In November 2004, Sedmoi Kontinent became the first Russian retail food company to offer stocks to the public by offering 8,415,573 ordinary shares with a face value of 0.5 rubles on the Russian Trading System (RTS) stock exchange. The company said it sold 8.42 million shares, corresponding to a 13% share in the company, at a price of 275 rubles ($9.59) per share, raising a total of $80.7 million, and said that it was planning to use the money to finance new stores. Sedmoi Kontinent was the eight Russian company to make initial public offering since the collapse of the Soviet Union.

In 2005, Sedmoi Kontinent expanded its business to the Kaliningrad Region by acquiring the Kaliningrad-based Altyn chain. Via the purchase, Sedmoi Kontinent gained 29,500 square meters of trading space and 12 stores in the region.

By April 2008, Sedmoi Kontinent had 133 stores, most of them in the Moscow Region. The company's revenue in 2007 was $1.27 billion with a net profit of $99.2 million.

In February 2009, the French retail company Carrefour made an offer for 74.8% stake in Sedmoi Kontinent. Carrefour estimated the market value of Sedmoi Kontinent as $1.25 billion.

In June 2009, it was reported that the company had defaulted on bonds worth 1.9 billion rubles ($61 million), but it managed to get 7 billion rubles of its debts restructured in November 2009.

The company delisted from the Moscow Exchange in 2012.

== Operation ==
Since 2002 the company has operated a division of "Delivery Services" based on an online store, delivery is carried out in "old" Moscow and within 25 km from the MKAD daily from 9.00 to 23.00. The fleet consists of about 40 commercial vehicles Citroen, Peugeot and VAZ.

At the end of December 2008 it was included in the list of companies that will receive state support during the crisis.

According to the results of 2014, the revenue of JSC Seventh Continent amounted to 54.175 billion rubles.

At the beginning of 2016, the chain's stores were presented in two formats — supermarkets "Seventh Continent" (138 stores) and hypermarkets "Nash" (21 stores).

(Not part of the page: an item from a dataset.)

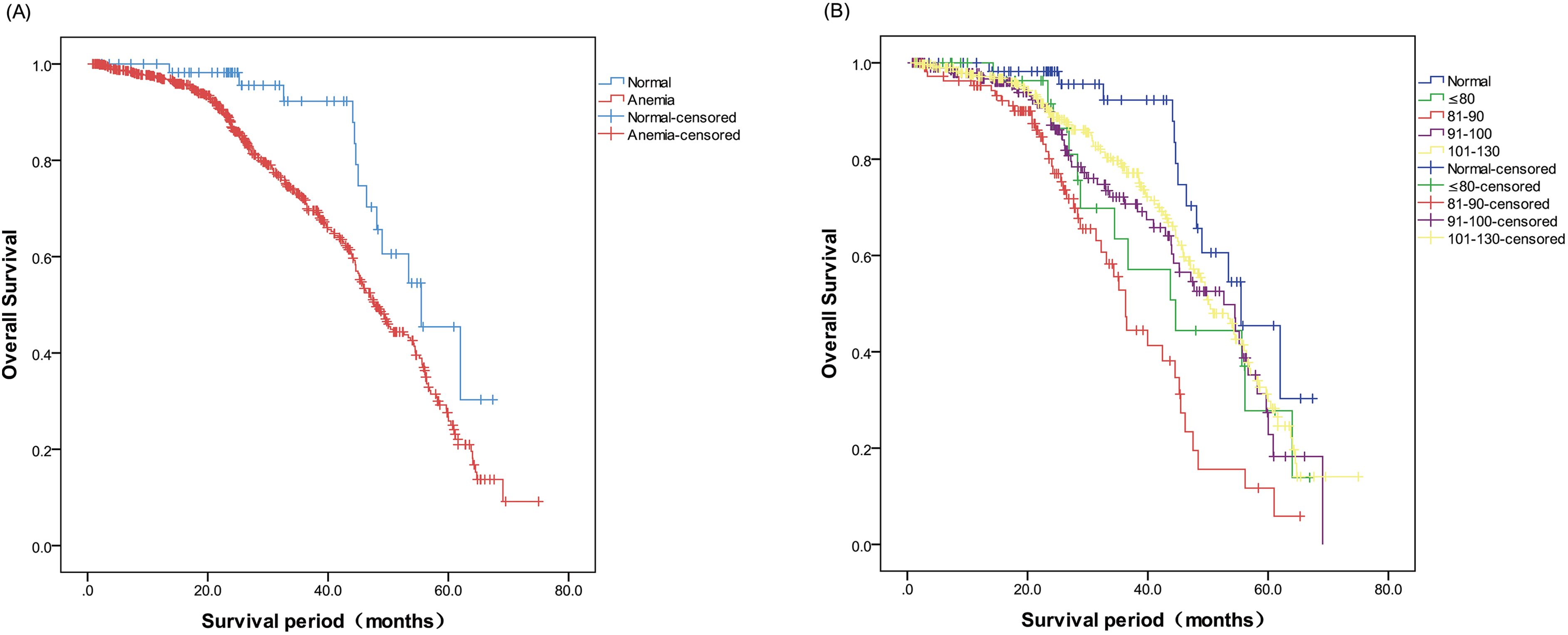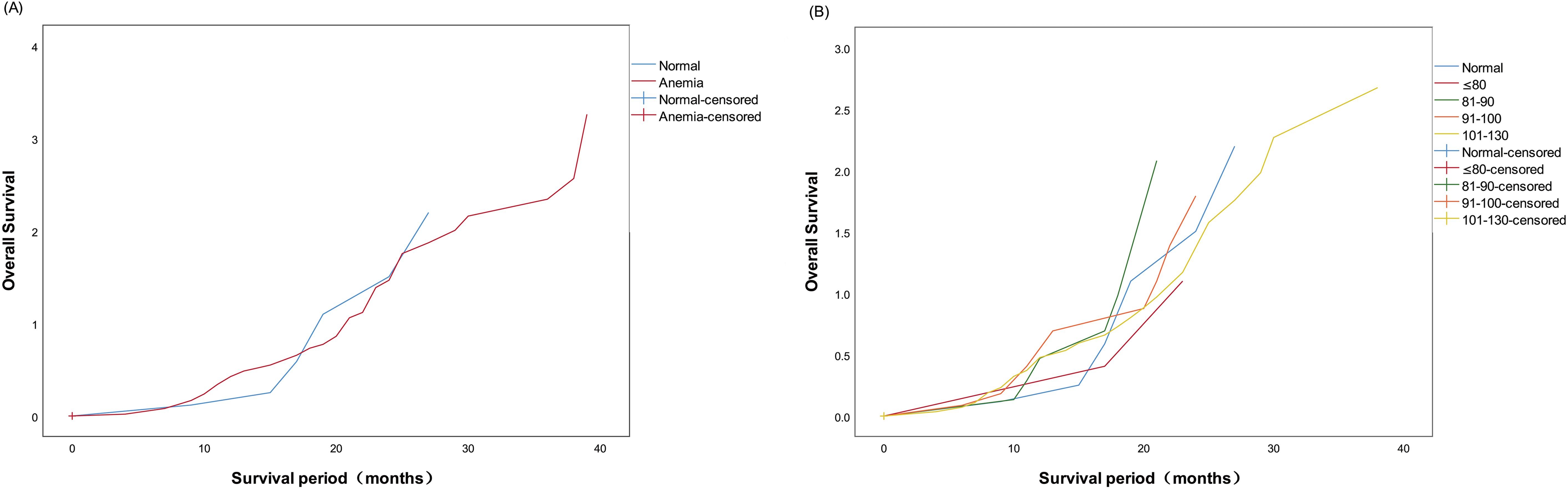 Figure 1. (A) Kaplan–Meier curves presenting postoperative overall survival (OS) in the normal and anemia groups. (B) Kaplan–Meier curves presenting postoperative OS in the anemia subgroups.

In total, the network of Seventh Continent OJSC includes 209 stores in Moscow and the Moscow region, as well as in Kaliningrad, Perm, Belgorod, Vologda, Ivanovo, Nizhny Novgorod, Obninsk, Ryazan, Chelyabinsk, Rostov-on-Don and Yaroslavl.

== Stores ==
Sedmoi Kontinent was one of the first Russian multi-format retail chains. Its two major formats are supermarkets and hypermarkets.

Sedmoi Kontinent operates the following types of stores:
- Sed’moy kontinent - Pyat’ Zvezd (The Seventh Continent - Five Stars)
- Sed’moy kontinent - Universam (The Seventh Continent - Universam)
- Sed'moy kontinent-Ryadom s domom (The Seventh Continent - Next Door)
- Sed’moy kontinent - Gastronomiya (The Seventh Continent - Gastronomy)
- NASH Gypermarket (OUR Hypermarket)
- Prostor.

As of July 2010, the company had 121 supermarkets and 4 hypermarkets in Moscow and the Moscow Oblast, 10 supermarkets in Kaliningrad Oblast and one hypermarket in each of the following locations: Ryazan, Chelyabinsk, Minsk (Belarus), Perm, Belgorod and Yaroslavl.

== Owners and management ==
The main owners are entrepreneur Alexander Zanadvorov (74.81%), the family foundation of the ex-governor of the Tula region Vladimir Gruzdev (10%). Some of the company's shares were traded on the RTS and MICEX exchanges. Until November 2007, a large stake in 7K Invest Holding (which owned 74.81% of Seventh Continent OJSC until February 2008) belonged to State Duma Deputy Vladimir Gruzdev.

Chairman of the Board of Directors of the company — Vladimir Senkin, CEO — Anatoly Podlesov.